¶ … Accounting Equation Works
The financial position of a business is represented by the components of the accounting equation (Lerner, 1987). The accounting equation is assets = liabilities + equity. Assets are items what the business owns that have value and are used in the operation of the business. Liabilities are what the business owes to others, such as creditors. And, equity is the interest of the shareholders, or owners.
The balance sheet reflects the accounting equation by reporting assets, liabilities, and equity at a specific period in time (Accounting Equation, 2013). The components of the balance sheet are assets, liabilities, and equity, the same as the accounting equation. On the balance sheet, liabilities and equity added together and must equal the total assets. If it does not equal, there is an error in balancing somewhere in the accounts or in the calculations of the balance sheet.

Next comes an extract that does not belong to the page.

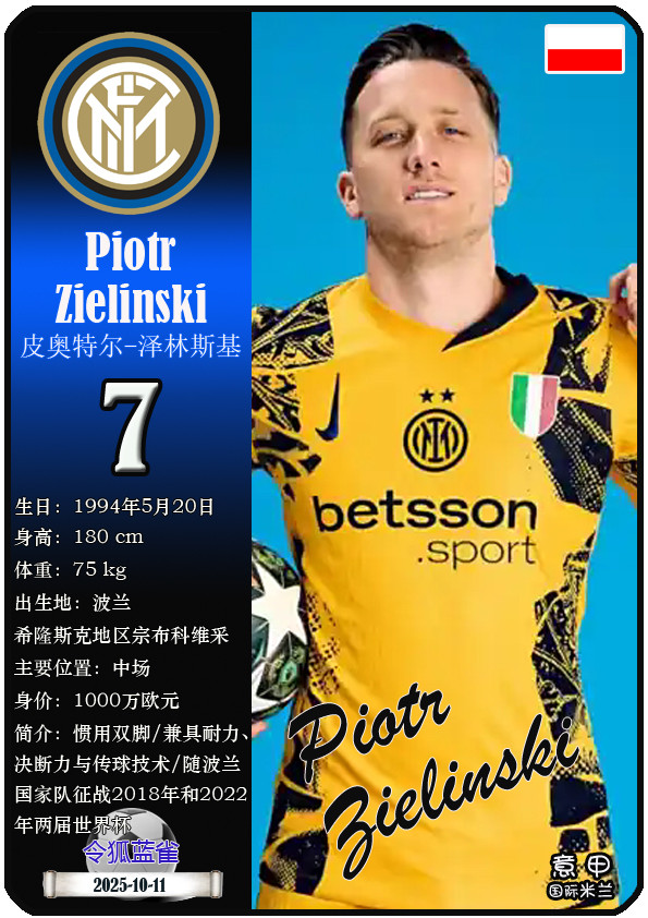 Serie A Inter Milan Football Club was founded on March 9, 1908, which has a history of 117 years. As of October 11, 2025, the team's head coach is Christian Chivu, and the team has players Lautaro Martinez, Marcus Thuram, Piotr Zelinski, etc. This issue displays the current 25 players of Inter Milan Football Club in Serie A in the form of star cards (sorted by jersey number):

The components of the accounting equation affect each other each time a transaction takes place. Under double entry accounting, there must be a debit and a credit with each transaction. For example, for expenses that are paid with cash, the cash account (asset) is credited and the expense item (liability) is debited. The transactions to pay employees are recorded under the same concept. This is reversed when the business gets a loan. The cash account (asset) will be debited with incoming cash and the accounts payable (liability) will be credited. Transactions for buying equipment on credit is recorded under this same concept.